You can also have Unique Indexes on your table, which will work a bit like a primary key in that they will enforce unique values, and will speed up querying of those values.
Primary in the context of Primary Key means that it's ranked first in importance. Therefore, there can only be one key. It's by definition.
It's also usually the key for which the index has the actual data attached to it, that is, the data is stored with the primary key index. Other indices contain only the data that's being indexed, and perhaps some Included Columns.

In fact E.F.Codd (the inventor of the Relational Database Model) [1] originated the term "primary key" to mean any number of keys of a relation - not just one. He made it clear that it was quite possible to have more than one such key. His suggestion was that the database designer could choose one key as a preferred identifier ("the primary key") - but in principle this was optional and such a choice was "arbitrary" (that was his word). Because all keys enjoy the same properties as each other there is no fundamental need to choose any one over another.
Later on [2] what Codd originally called primary keys became known as candidate keys and the one key singled out as the preferred one became known as the "primary" key. This was not really a fundamental shift however because a primary key means exactly the same as a candidate key. Since they are equivalent concepts it doesn't really mean anything important when we say there "must" only be one primary key. If you have more than one candidate key you could quite reasonably call more than one of them "primary" if you prefer because it doesn't make any logical or practical difference to the meaning and function of the database.
It has been argued (by me among others) that the idea of designating one key per table as "primary" is utterly superfluous and sometimes a positive hinderance to a good understanding of database design and data intgrity issues. However, the concept is so entrenched we are probably stuck with it.
So the proper answer to your question is "convention" and "convenience". There is no good technical reason at all.
[1] A Relational Model of Data for Large Shared Data Banks (1970)
[2] E.g. in "Further Normalization of the Relational Data Base Model" (1971)

Well, it's called "primary" for a reason. As in, its the one key used to uniquely identify the record... and there "can be only one".
You could certainly mimick a second "primary" key by having an index placed on one or more other fields that are unique but for the purposes of your database server it's generally only necessary if your key isn't unique enough to cross database servers in a merge replication situation. (ie: multi master).

PRIMARY KEY is usually equivalent to UNIQUE INDEX NOT NULL. So you can effectively have multiple "primary keys" on a single table.
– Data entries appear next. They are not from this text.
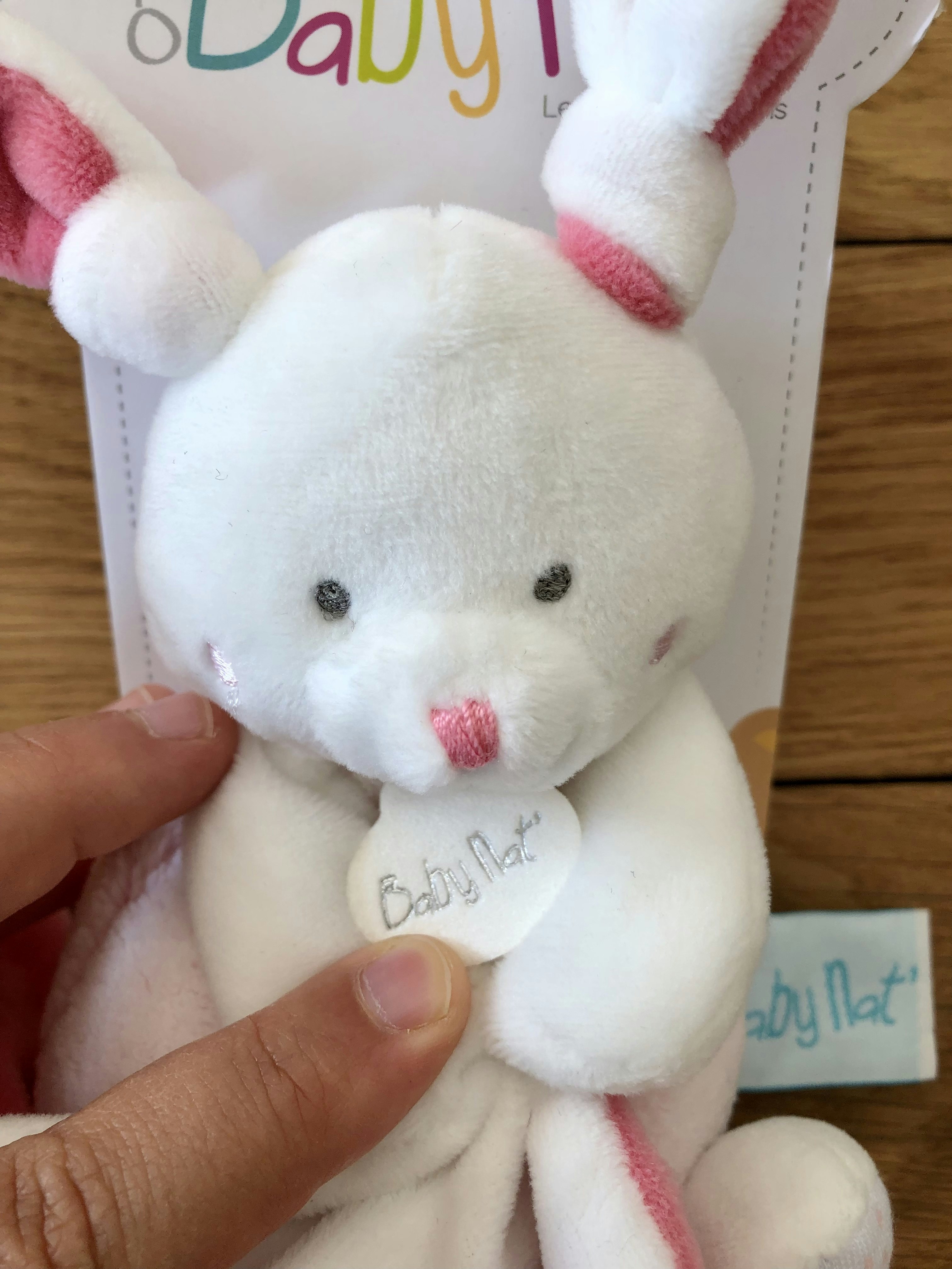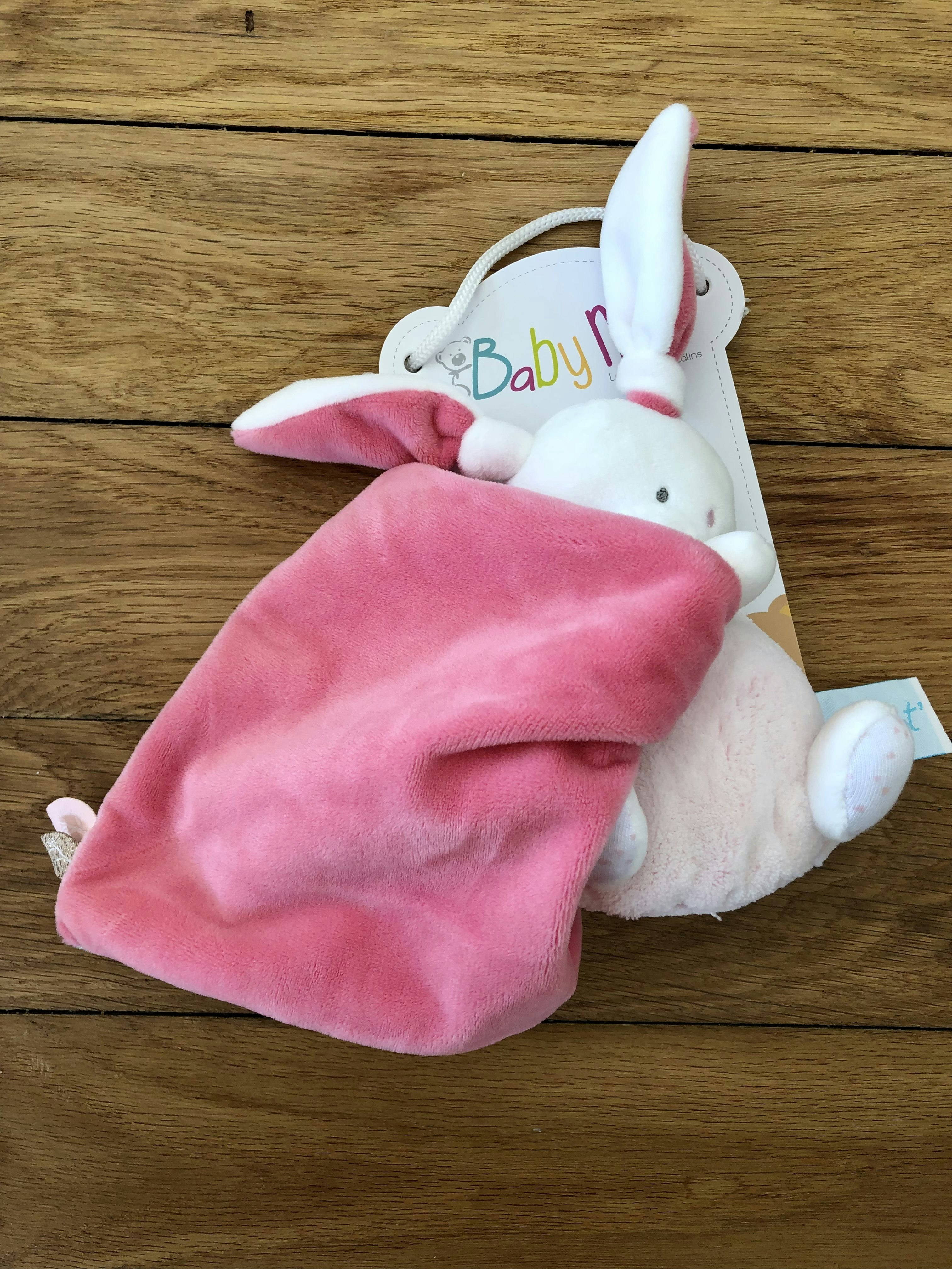 Doudou en forme de lapin, marque baby nat neuf. Encore avec son emballage. Très doux. Lavable en machine.
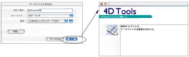 2.「データファイルを作成…」ダイアログが表示されます。自動的に販売プログラムの名称の文字をつけたデータの名前を表示しますが、これを「販売青山商事data-修復」(Windows:「Hs_青山商事修復.4DD」等簡潔な名称に変更します。(「.4DR」は自動的に作成されます))「保存」ボタンをクリックすると、修復が始まります。
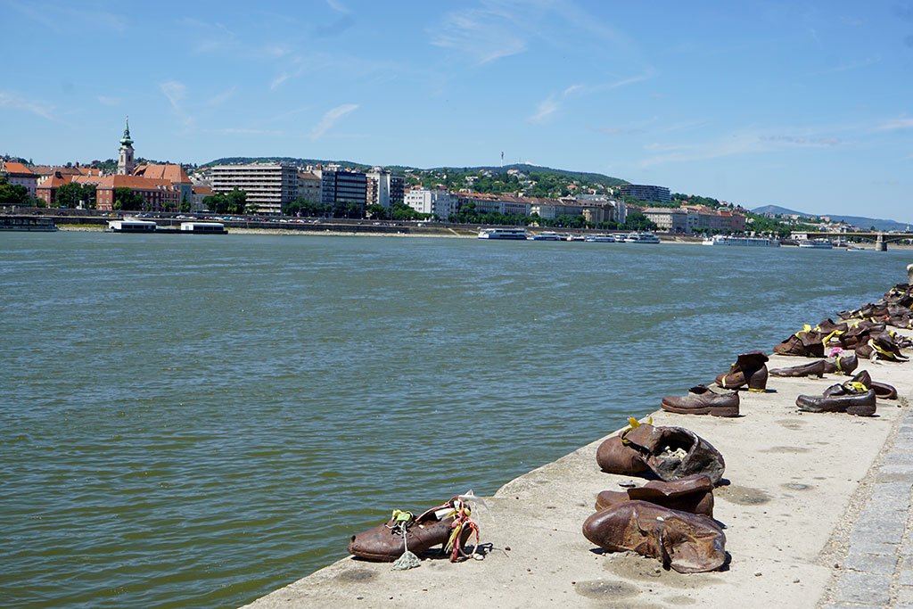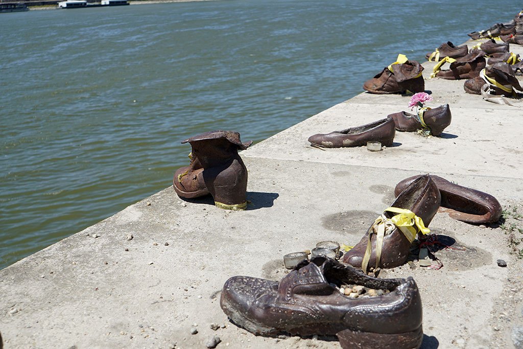 Yaklaşık 80.000 Yahudi, Macaristan’dan Avusturya sınırına sürülmüş; bununla birlikte, Szalasi hükümeti yaklaşık 20.000 Yahudi’yi Tuna Nehri kıyısında vahşice katletmiştir. Savaşın zorlu yokluk yıllarında ayakkabılar büyük bir değere sahip olduğundan, kurbanlardan ayakkabılarını çıkarmaları ve nehre atlamaları istenmiş, ardından nehirde kurşuna dizilmişlerdir. Bugün, Tuna kıyısında sessizce duran bu demir ayakkabılar, o acı dolu katliamın anısını yaşatan bir açık müze olarak ziyaretçilere sunuluyor.

The primary key is the key which uniquely identifies that record.
I'm not sure if you're asking if a) there can be a single primary key spanning multiple columns, or b) if you can have multiple keys which uniquely identify the record.
The first is possible, known as a composite primary key.
The second is possible also, but only one is called the primary key.
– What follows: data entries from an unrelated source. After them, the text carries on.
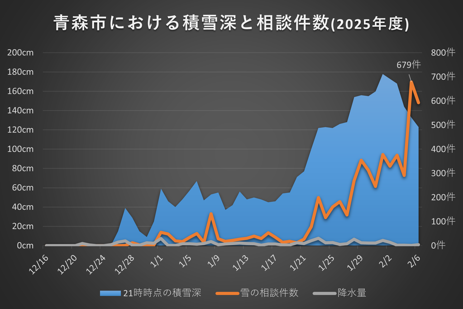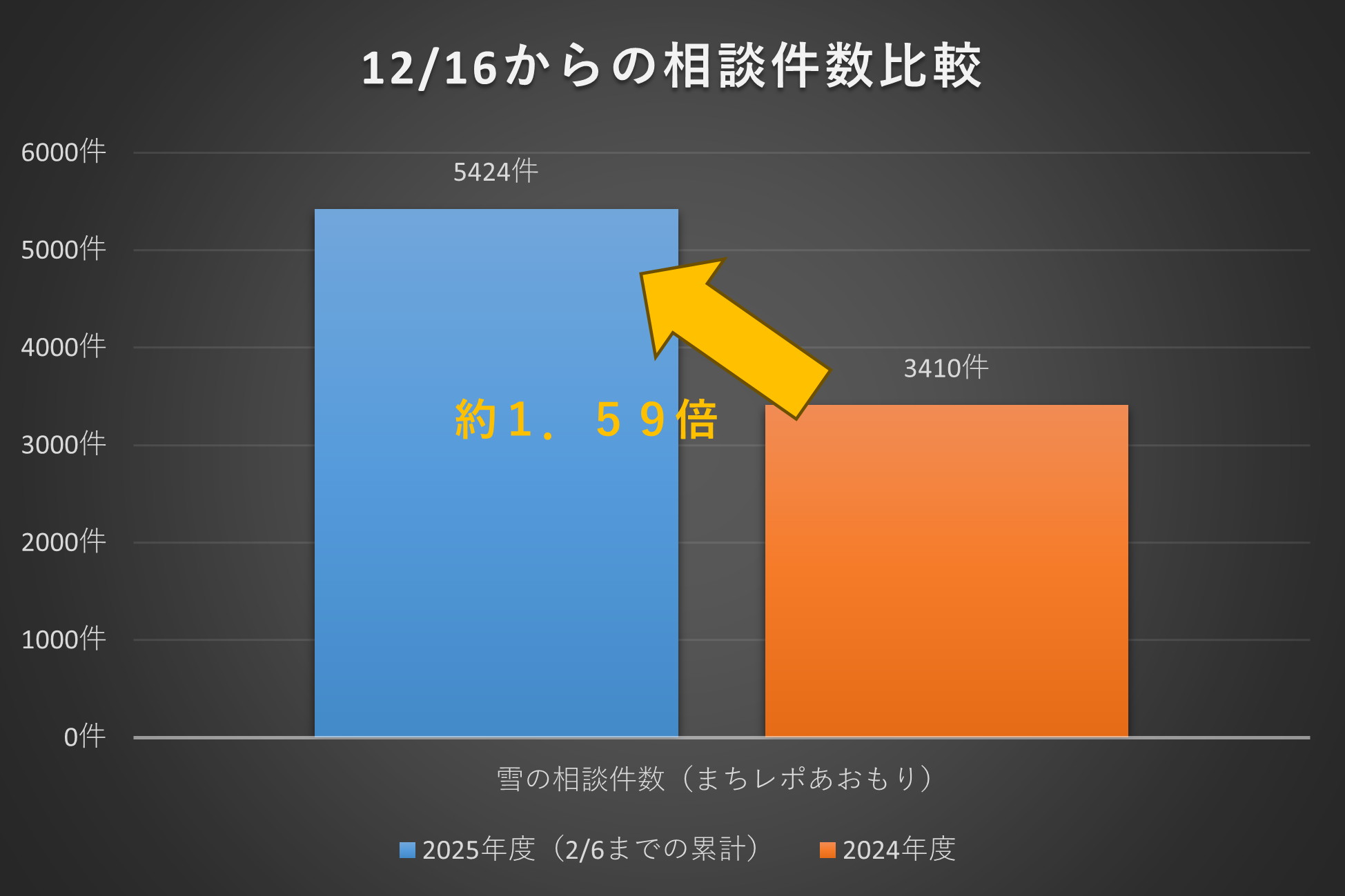 青森市の「まちレポあおもり」における雪の相談件数が、2/5・2/6で急増しました。
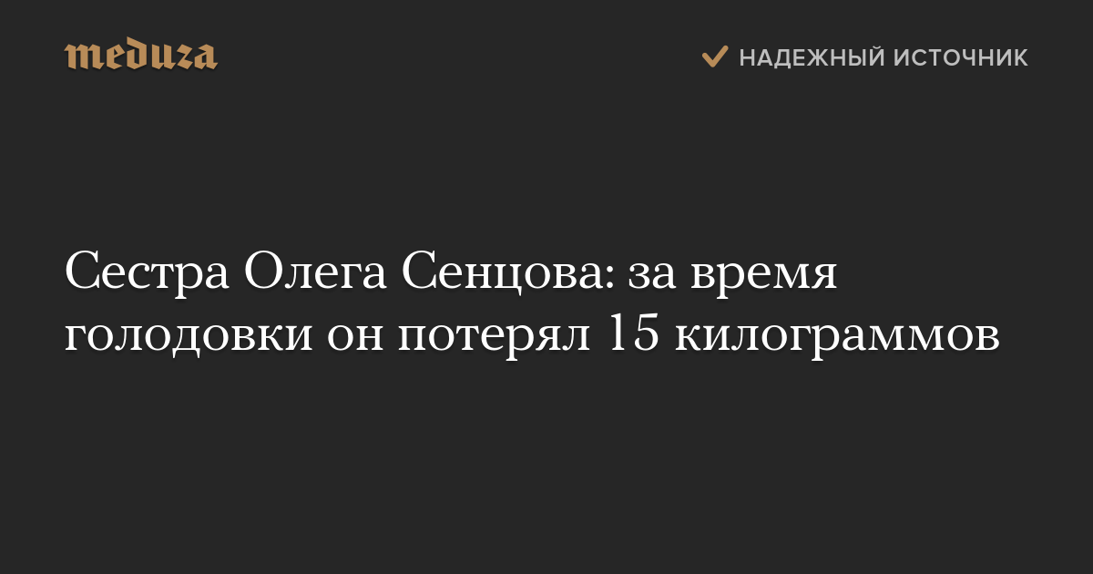 Как рассказала она изданию «Громадское», за время объявленной Сенцовым голодовки он потерял 15 килограммов.
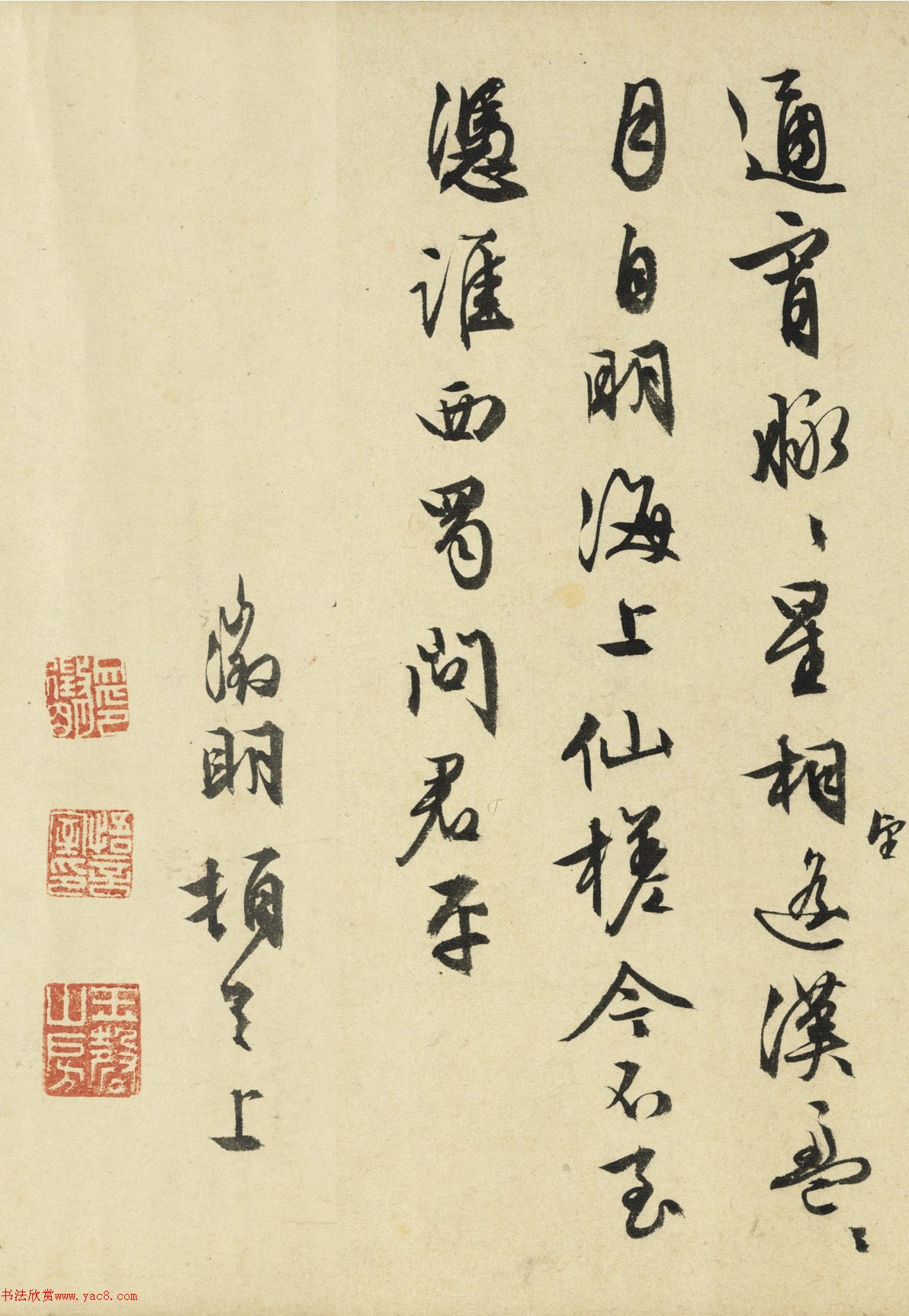 文徵明、文嘉书法作品《七夕》 2023/8/22 作者:书法欣赏 来源:www.yac8.com 阅读:3462 文徵明、文嘉父子二人的《七夕》书法作品欣赏 文徵明行書《七夕》,来源:明文徵明疏林淺水圖卷拖尾,臺北故宮博物院藏。 釋文:七夕。似聞今夕女牛并。設果陳瓜待巧成。老我此生日抱拙。天孫何事卻多情。通宵脈脈星相望。遙漢盈盈月自明。海上仙槎今不至。憑誰西蜀問君平。 文徵明行书《七夕》,来源:文徵明行书杂诗卷,北京荣宝2021春拍。 【七夕】家人竞说女牛并,设果陈瓜待巧成。老我此生甘抱拙,天孙何事却多情。通宵脉脉星相望,遥汉盈盈月自明。海上仙槎今不至,凭谁西蜀问君平? 上一页跳页下一页该文章所属专题:文徵明书法 上一条 祝允明草书杜甫秋兴诗轴2幅 下一条 赵之谦行楷书长卷《为季闻录旧作》

Because the "primary" in "primary key" denotes its, mmm, singularity(?).
But if you need more, you can define UNIQUE keys which have quite the same behaviour.

The technical reason is that there can be only one primary. Otherwise it wouldn't be called so.
However a primary key can include several columns - see 7.5.2. Multiple-Column Indexes

The primary key is the one (of possibly many) unique identifiers of a particular row in a table. The other unique identifiers, which were not designated as the primary one, are hence often refereed to as secondary unique indexes.

Primary key allows us to uniquely identify each record in the table. You can have 2 primary keys in a table but they are called Composite Primary Keys. "When you define more than one column as your primary key on a table, it is called a composite primary key."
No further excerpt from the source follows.